智能与分布计算实验室
  语义匹配在信息监管系统中的应用研究
姓名 程莉
论文答辩日期 2003.05.09
论文提交日期 2005.08.06
论文级别 硕士
中文题名 语义匹配在信息监管系统中的应用研究
英文题名 Application and Research on Semantic Matching in the Information Administration System
导师1 卢正鼎
导师2
中文关键词 语义计算;相似度;相关度;文本分类;向量空间模型;隐含语义索引;奇异值分解
英文关键词 semantic compute;similarity;relevancy;text classification;Vector Space Mode;Latent Semantic Indexing;Singular Value Decomposition
中文文摘 改善传统信息匹配分类系统性能的一个有效途径就是根据文本的语义或者说概念主题来进行分类。 基于《知网》的语义计算匹配分类,在计算词语、句子间相似度时给出了“整体相似度等于部分相似度加权平均”的策略。首先将一个整体分解成部分,再将两个整体的各个部分组合配对,通过计算每个组合对相似度的加权平均得到整体的相似度。对概念语义表达式反复使用这一策略,可将两个语义表达式的整体相似度分解成一些义原对的相似度组合。义原间的相似度由其语义距离转换计算得到。 提出的基于隐含语义索引(LSI)的kNN文本分类方法属于LSI在中文文本分类方面的应用。该方法既充分利用了向量空间模型在表示方法上的巨大优势,又弥补了其不考虑文本语义的不足。基本思想是利用文本中词与词之间存在的某种潜在语义结构,先抽取能反应文本的关键词,通过分析关键词之间的关联和潜在的语义关系来进行文本匹配分类。 本研究是应国家药品监督管理局的要求,对Internet网上涉药站点自动搜索,发现违规信息及时报警。原型系统经试用取得了良好效果。

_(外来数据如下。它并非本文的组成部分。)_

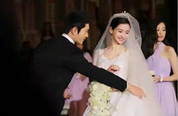 婚礼上,杨颖与黄晓明并肩而立,一个西装革履,一个洁白而立。

英文文摘 An effective solution to improve the traditional information classifying system performances is to classify information according to the semantics or the conception subjects. The method of computing the semantic similarity among words or sentences based on Hownet gives a strategy that the integrative similarity equals to the weighted average of every part similarity. Decomposing an integrator into some parts, we can get two integrators’ similarity by computing the weighted average similarities between the disassembled counterparts. In this way, the integrative similarity between two semantic expressions can be decomposed into couples of primitive similarity. Primitive similarity is computed by converting the semantic distance. The k-Nearest Neighbor (kNN) text classification based on Latent Semantic Indexing (LSI) is an application of LSI in the Chinese text classification field. It takes the advantages that Vector Space Mode (VSM) has in expression, and makes up the shortage ignoring semantic in VSM. The main idea is to pick out some text keywords, and analyze the latent semantic relations among them. We can match and classify the documents by this way efficaciously. This research, which is at the request of the State Drug Administration, can be applied to search iatrical web-sites automatically on the Internet and give a warning if there were any illegal information. The demo system has achieved a very good effect.